Dizer ‘distribuição regional’ não significa que o país inteiro vai crescer de forma igual. Primeiro crescem as cidades com motivos bem claros.
| Cidade | Por que ir | |
|---|---|---|
| Busan | Mar, comida e viagem urbana de uma vez só | |
Sensação Uma cidade marítima com um ritmo diferente de Seul | ||
| Jeju | Natureza, descanso, passeio de carro e viagens sazonais | |
| Gyeongju | Patrimônio histórico e atmosfera de cidade antiga | |
| Jeonju | Hanok, comida coreana e experiências tradicionais | |
| Região de Gangwon | Paisagem costeira, viagens sazonais, deslocamento de trem·carro alugado | |
Só aumentou o número de turistas? A forma de gastar dinheiro se recuperou ainda mais rápido
Esta é uma comparação de recuperação usando 2019 como 100.
Então, o certo é entender o bom momento do turismo na Coreia como ‘os números estão bons e o conteúdo também está melhorando’
Dizer que aumentou o número de visitantes à Coreia e dizer que a indústria do turismo ficou saudável são coisas diferentes. Mas, vendo a tendência recente, o turismo na Coreia não cresceu só em quantidade. A receita turística por pessoa se recuperou mais rápido que o número de visitantes, e também apareceu uma mudança qualitativa: em vez de ficar focado só em compras, aumentou a parte de hospedagem e alimentação.
Esta é uma mudança bem importante. Antes, o modelo forte era algo como “vir muito e gastar muito no duty-free”, mas agora o foco está mudando para ficar mais tempo e ter experiências mais variadas. Turistas de longa distância, turismo de experiência da onda coreana e viagens com deslocamento entre regiões estão ligados a isso.
Mas não existem só boas notícias. Se a passagem aérea subir ou a situação internacional ficar instável, a demanda de longa distância pode diminuir primeiro, e se a participação de um mercado específico crescer de novo, pode ficar vulnerável a choques como antes. Então, o mais realista agora é ver este momento como “uma fase em que ‘crescimento’ e ‘gestão da instabilidade’ são necessários ao mesmo tempo”.
Se voltar a depender demais só da China, o mesmo risco de antes pode se repetir.
Não basta olhar só o número total de visitantes. Também é preciso ver o gasto por pessoa, a distribuição regional e a estabilidade da oferta aérea.
Variáveis que precisam ser vistas ainda mais quando tudo vai bem: a história dos choques que abalaram o turismo da Coreia
O turismo na Coreia sempre foi bem sensível a fatores externos. Quando olhamos o passado, dá para entender por que hoje se repete tanto que a ‘diversificação’ é importante.

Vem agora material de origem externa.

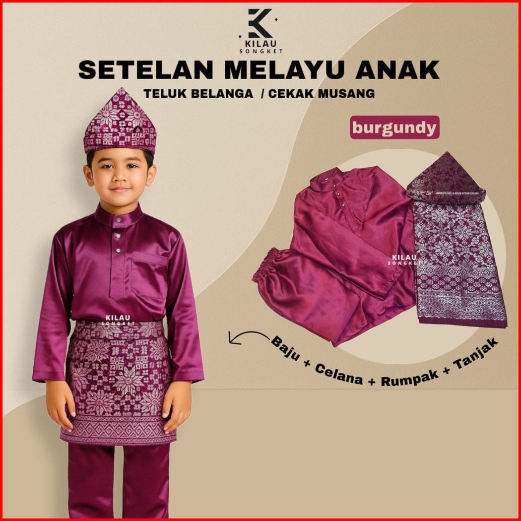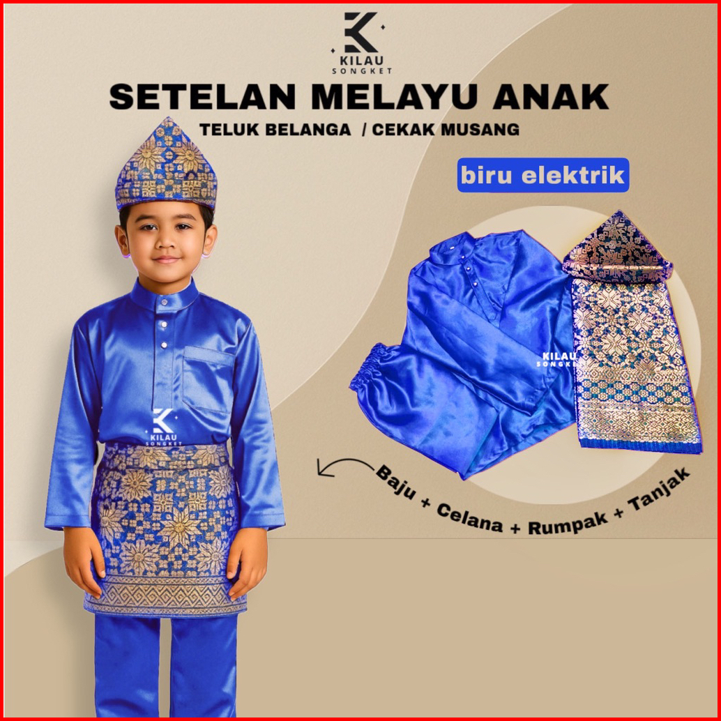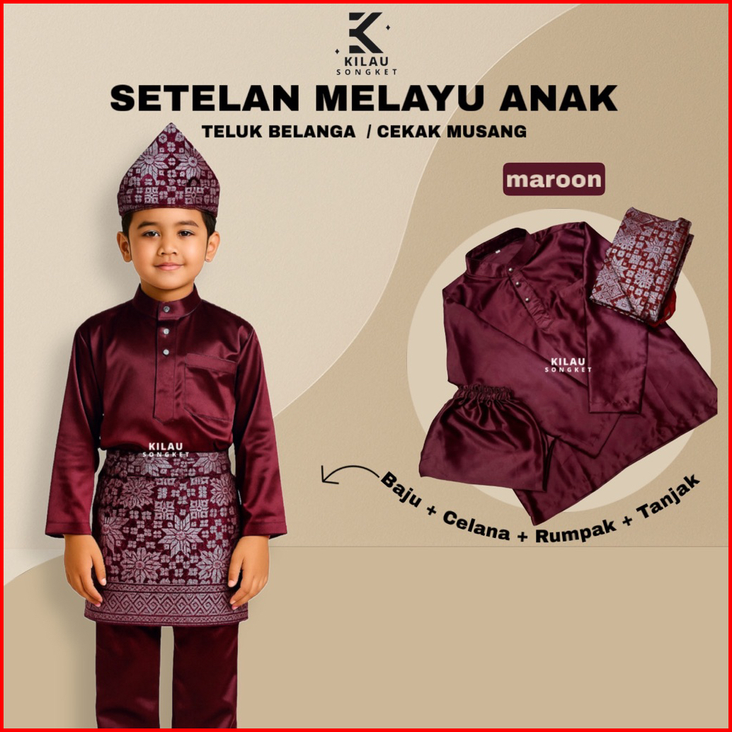 Setelan Melayu Anak Baju Celana Cekak Musang Teluk Belanga Dengan Rumpak Tanjak Songket

2015: O risco de saúde pública que a MERS mostrou
Doenças infecciosas esfriam imediatamente o interesse pelo turismo. Na época da MERS, o turismo na Coreia recebeu um choque imediato, e o governo teve de apresentar medidas separadas de resposta.
2016~2017: O impacto da dependência da China e do conflito do THAAD
As restrições ao turismo em grupo da China e a queda forte dos cruzeiros mostraram de forma bem clara “o que acontece quando se depende demais de um só país”.
2020: A COVID-19 parou toda a indústria
Com o controle de fronteiras e a redução dos voos acontecendo ao mesmo tempo, o turismo deixou de ser uma questão de recuperação e virou uma questão de sobrevivência. Depois desse período, a oferta de voos passou a ser uma condição essencial para a recuperação do turismo.
Depois de 2023: a chave da recuperação é aviação, visto e estabilidade diplomática
Mesmo que a onda coreana seja forte, se não houver aviões ou se a tarifa estiver cara demais, a demanda cai. Quanto mais importante o mercado de longa distância fica, maior também é o impacto dessas variáveis.
Agora: quanto melhores os números, mais é preciso cuidar da diversificação do mercado
É verdade que o bom momento de agora é uma ótima notícia, mas para ver se isso é sustentável, é preciso olhar junto indicadores como a proporção por país, a oferta de voos, a situação internacional e a distribuição regional. Só assim dá para entender se esta alta é só um brilho passageiro ou uma mudança estrutural.